WORK TO BE COMPLETED: Below this line is a listing that includes pictures. Copy exactly, and only, the lines from the one containing "Naczynie wkładamy do" through the one containing "Crafted from Selenite, this"; the pictures do not go in the copy.
RECORD SET below:
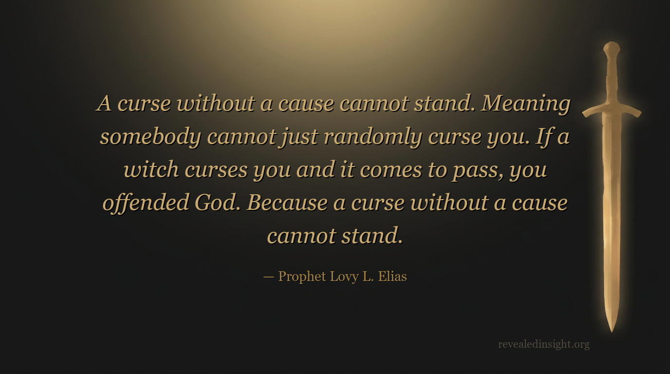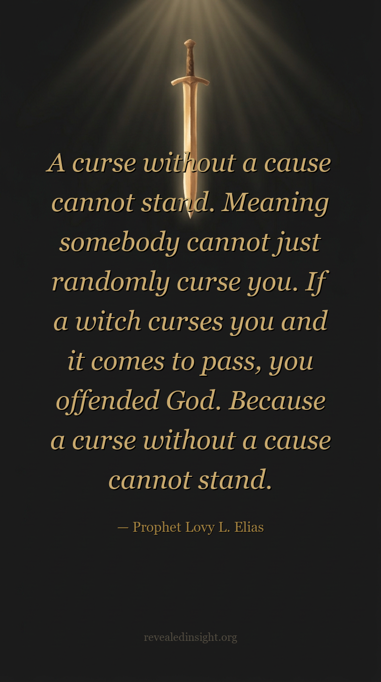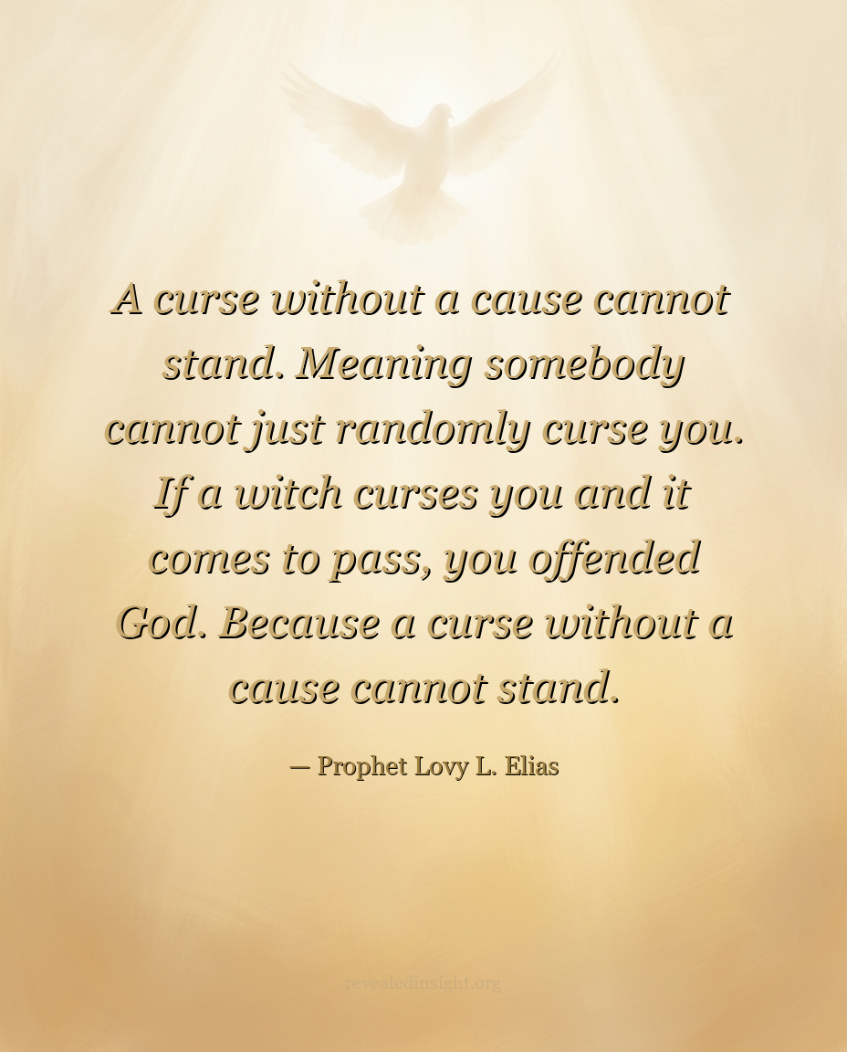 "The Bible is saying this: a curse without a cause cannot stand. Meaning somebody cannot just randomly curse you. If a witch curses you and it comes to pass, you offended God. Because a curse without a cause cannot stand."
End of RECORD SET.
RECORD SET below:
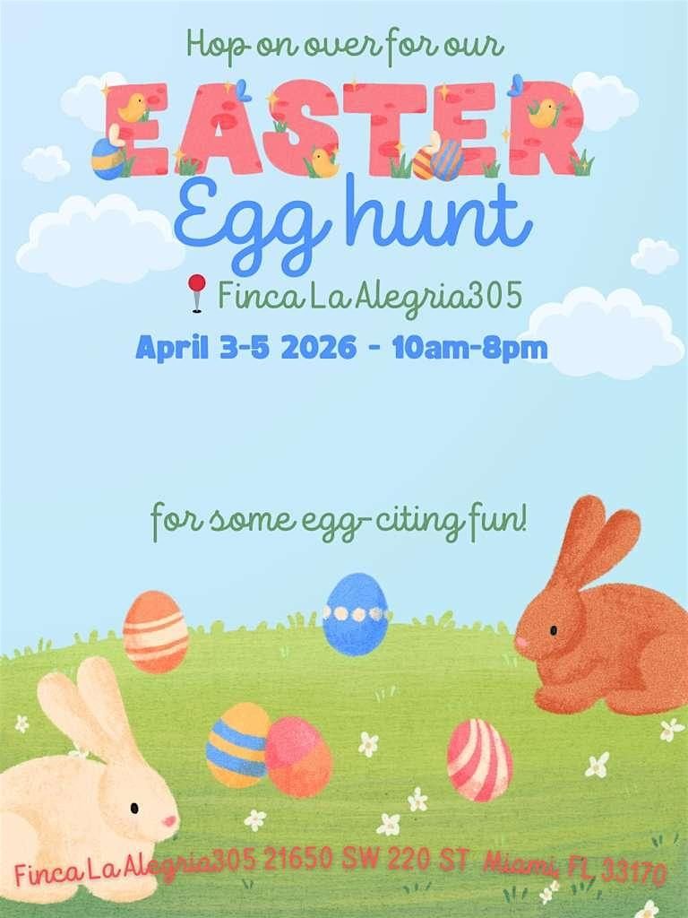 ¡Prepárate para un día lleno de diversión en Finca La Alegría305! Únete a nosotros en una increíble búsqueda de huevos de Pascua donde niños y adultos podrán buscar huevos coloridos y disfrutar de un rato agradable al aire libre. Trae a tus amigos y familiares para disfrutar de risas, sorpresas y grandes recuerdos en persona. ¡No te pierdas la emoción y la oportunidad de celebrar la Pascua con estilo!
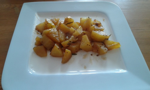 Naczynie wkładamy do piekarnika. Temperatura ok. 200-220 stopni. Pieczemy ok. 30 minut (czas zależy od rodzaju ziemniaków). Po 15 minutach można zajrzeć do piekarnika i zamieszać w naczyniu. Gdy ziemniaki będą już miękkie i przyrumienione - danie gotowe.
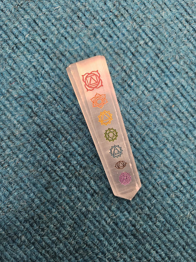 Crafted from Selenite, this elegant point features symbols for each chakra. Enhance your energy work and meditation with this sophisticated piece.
End of RECORD SET.
WRITTEN ANSWER:
 Naczynie wkładamy do piekarnika. Temperatura ok. 200-220 stopni. Pieczemy ok. 30 minut (czas zależy od rodzaju ziemniaków). Po 15 minutach można zajrzeć do piekarnika i zamieszać w naczyniu. Gdy ziemniaki będą już miękkie i przyrumienione - danie gotowe.
 Crafted from Selenite, this elegant point features symbols for each chakra. Enhance your energy work and meditation with this sophisticated piece.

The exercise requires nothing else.